IoT Hub Rule Engine may operate in two modes: shared and isolated. In shared mode, rule engine process messages that belong to multiple tenants. In isolated mode Rule Engine may be configured to process messages for specific tenant only.

IoT Hub Web UI

IoT Hub provides a lightweight component written using Express.js framework to host static web ui content. Those components are completely stateless and no much configuration available. The static web UI contains application bundle. Once it is loaded, the application starts using the REST API and WebSockets API provided by IoT Hub Core.

Message Queues are awesome!

IoT Hub supports multiple message queue implementations: Kafka, RabbitMQ, AWS SQS, Azure Service Bus and Google Pub/Sub. We plan to extend this list in the future. Using durable and scalable queues allow IoT Hub to implement back-pressure and load balancing. Back-pressure is extremely important in case of peak loads.
We provide “abstraction layer” over specific queue implementations and maintain two main concepts: topic and topic partition. One topic may have configurable number of partitions. Since most of the queue implementations does not support partitions, we use topic + “.” + partition pattern.

IoT Hub message Producers determines which partition to use based on the hash of entity id. Thus, all messages for the same entity are always pushed to the same partition. IoT Hub message Consumers coordinate using Zookeeper and use consistent-hash algorithm to determine list of partitions that each Consumer should subscribe to.
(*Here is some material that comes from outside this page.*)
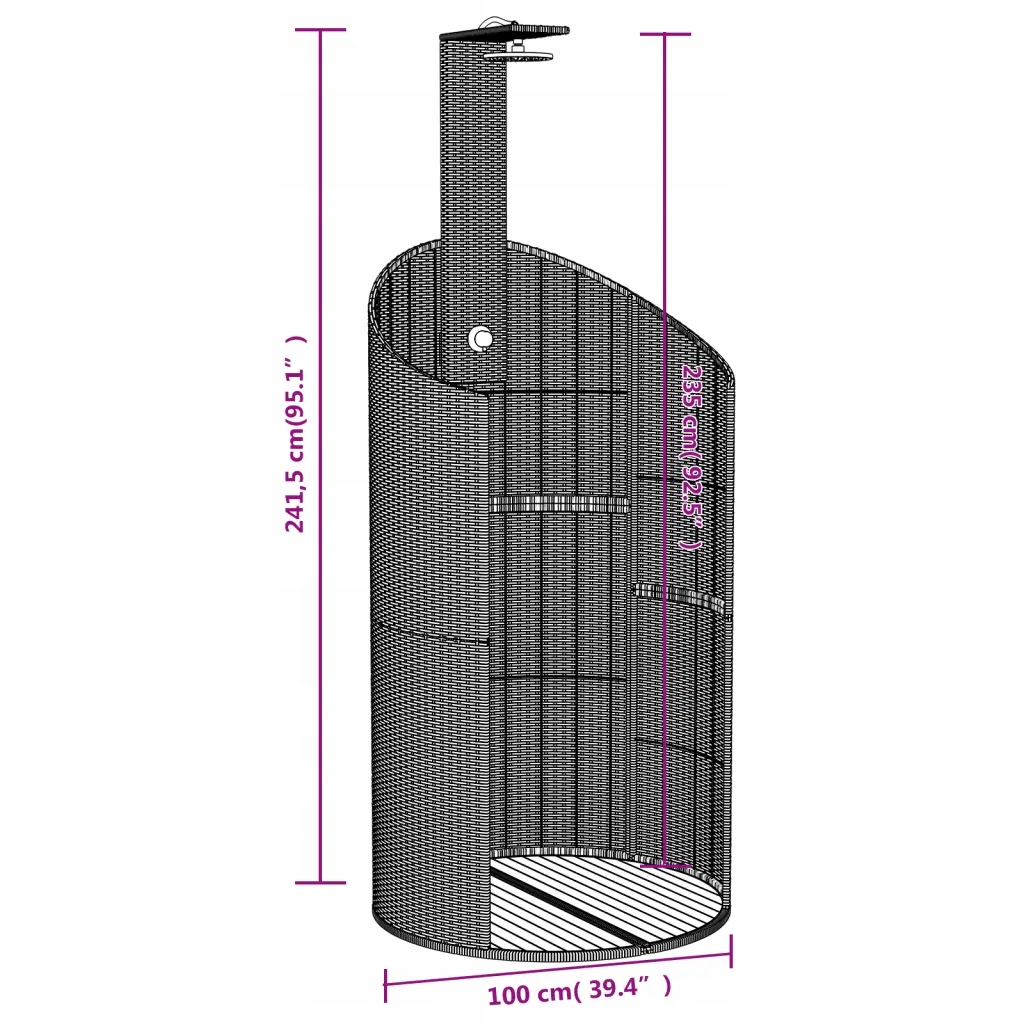 Раттен ПЕ садовий душ 100x100x241.5 сірий

While running in microservices mode, each service also has the dedicated “Notifications” topic based on the unique service id that has only one partition.
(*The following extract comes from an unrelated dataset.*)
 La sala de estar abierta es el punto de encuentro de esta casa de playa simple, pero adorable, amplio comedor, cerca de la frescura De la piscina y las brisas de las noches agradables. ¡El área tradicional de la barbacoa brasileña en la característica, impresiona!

IoT Hub uses following topics:

  • tb_transport.api.requests: to send generic API calls to check device credentials from Transport to IoT Hub Core.
  • tb_transport.api.responses: to receive device credentials verification results from IoT Hub Core to Transport.
  • tb_core: to push messages from Transport or Rule Engine to IoT Hub Core. Messages include session lifecycle events, attribute and RPC subscriptions, etc.
  • tb_rule_engine: to push messages from Transport or IoT Hub Core to Rule Engine. Messages include incoming telemetry, device states, entity lifecycle events, etc.

Programming languages and third-party

IoT Hub back-end is written in Java, but we also have some micro-services based on Node.js. IoT Hub front-end is a SPA based on Angular 9 framework.